**Materials provided:**
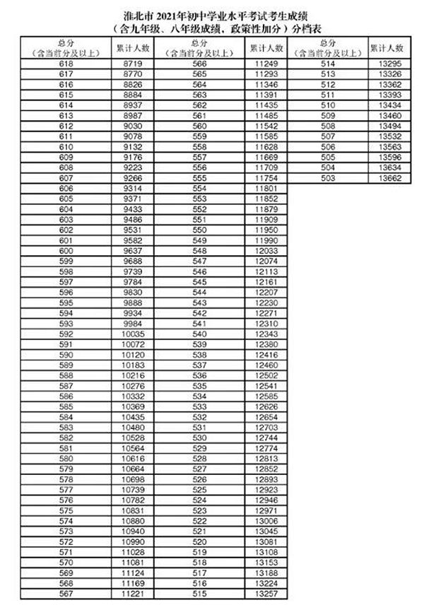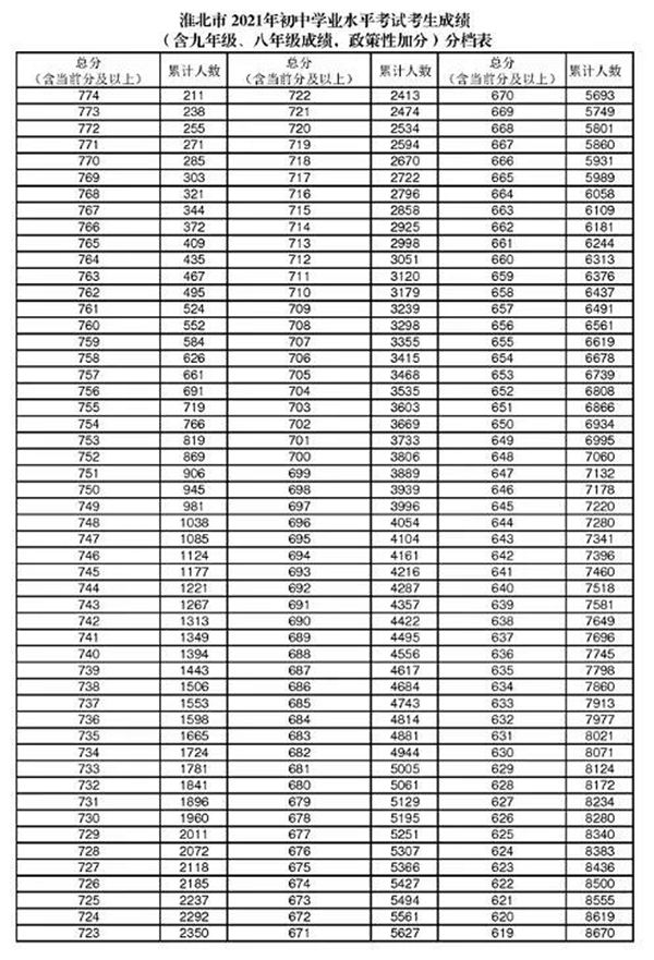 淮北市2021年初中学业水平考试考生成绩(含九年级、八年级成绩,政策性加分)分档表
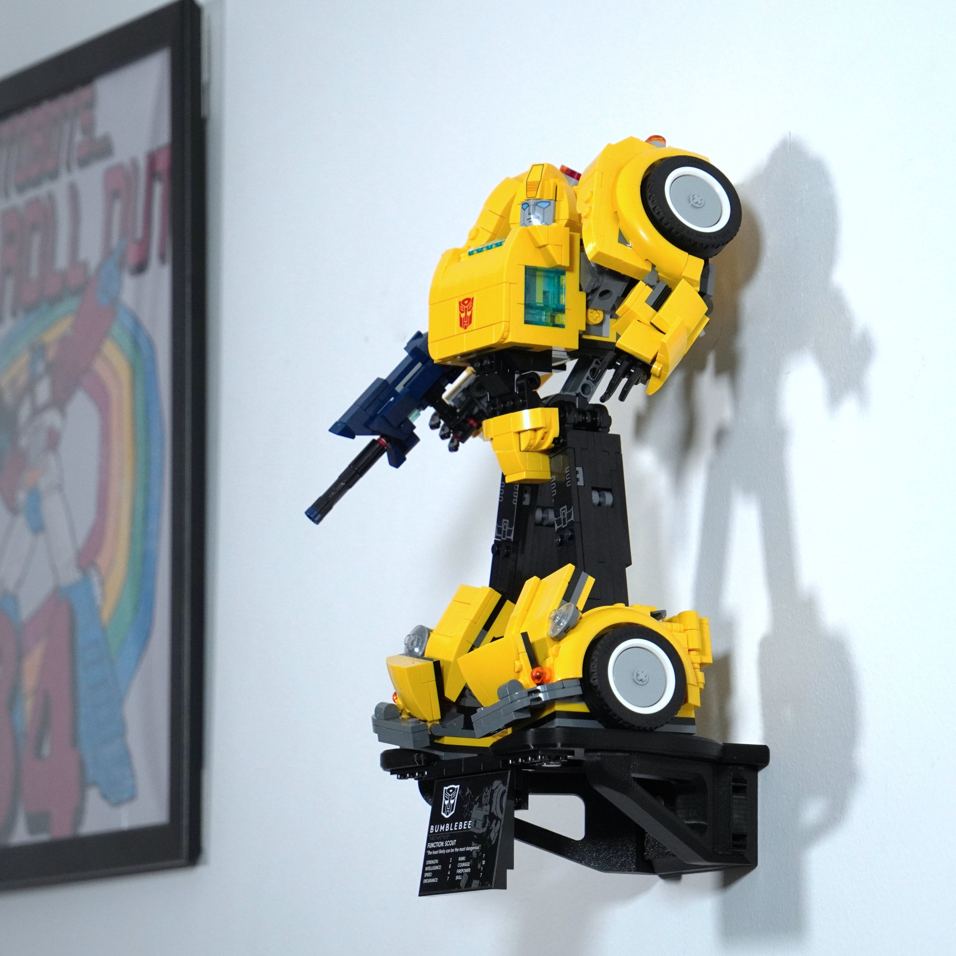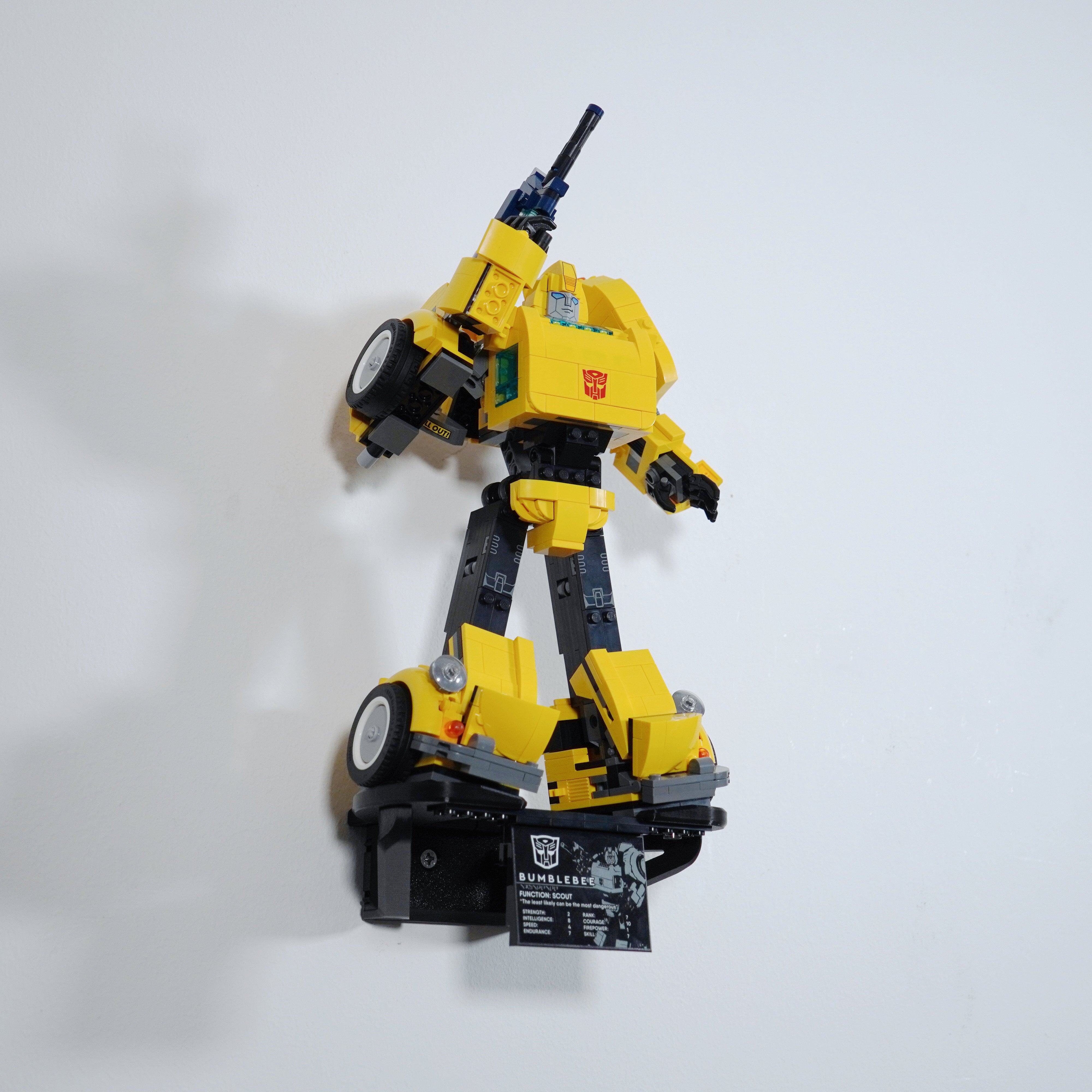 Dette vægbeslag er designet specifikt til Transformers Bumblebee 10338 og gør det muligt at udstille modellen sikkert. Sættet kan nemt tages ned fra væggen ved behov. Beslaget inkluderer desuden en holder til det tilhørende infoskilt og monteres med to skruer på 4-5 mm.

* * *

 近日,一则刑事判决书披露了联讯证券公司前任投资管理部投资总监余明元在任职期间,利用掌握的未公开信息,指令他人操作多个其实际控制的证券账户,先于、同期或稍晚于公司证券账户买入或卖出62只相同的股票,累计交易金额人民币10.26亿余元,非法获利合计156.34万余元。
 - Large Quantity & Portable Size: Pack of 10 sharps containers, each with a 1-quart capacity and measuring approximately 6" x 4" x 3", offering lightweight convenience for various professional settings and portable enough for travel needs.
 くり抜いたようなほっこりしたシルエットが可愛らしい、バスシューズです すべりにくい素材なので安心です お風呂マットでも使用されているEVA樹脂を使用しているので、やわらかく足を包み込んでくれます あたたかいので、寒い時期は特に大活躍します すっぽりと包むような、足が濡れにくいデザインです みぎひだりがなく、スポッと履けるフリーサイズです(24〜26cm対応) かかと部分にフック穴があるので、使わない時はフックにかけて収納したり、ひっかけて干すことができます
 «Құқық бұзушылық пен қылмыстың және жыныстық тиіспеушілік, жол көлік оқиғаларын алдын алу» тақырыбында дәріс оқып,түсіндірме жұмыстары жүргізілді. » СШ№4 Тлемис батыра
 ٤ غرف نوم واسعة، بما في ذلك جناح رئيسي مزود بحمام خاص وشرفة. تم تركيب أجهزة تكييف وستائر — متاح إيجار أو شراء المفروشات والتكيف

**Task item:** Retype exactly the lines above, from the one with "- Large Quantity" through the one with "٤ غرف نوم واسعة،", inclusive.

**Result of this exercise:**
 - Large Quantity & Portable Size: Pack of 10 sharps containers, each with a 1-quart capacity and measuring approximately 6" x 4" x 3", offering lightweight convenience for various professional settings and portable enough for travel needs.
 くり抜いたようなほっこりしたシルエットが可愛らしい、バスシューズです すべりにくい素材なので安心です お風呂マットでも使用されているEVA樹脂を使用しているので、やわらかく足を包み込んでくれます あたたかいので、寒い時期は特に大活躍します すっぽりと包むような、足が濡れにくいデザインです みぎひだりがなく、スポッと履けるフリーサイズです(24〜26cm対応) かかと部分にフック穴があるので、使わない時はフックにかけて収納したり、ひっかけて干すことができます
 «Құқық бұзушылық пен қылмыстың және жыныстық тиіспеушілік, жол көлік оқиғаларын алдын алу» тақырыбында дәріс оқып,түсіндірме жұмыстары жүргізілді. » СШ№4 Тлемис батыра
 ٤ غرف نوم واسعة، بما في ذلك جناح رئيسي مزود بحمام خاص وشرفة. تم تركيب أجهزة تكييف وستائر — متاح إيجار أو شراء المفروشات والتكيف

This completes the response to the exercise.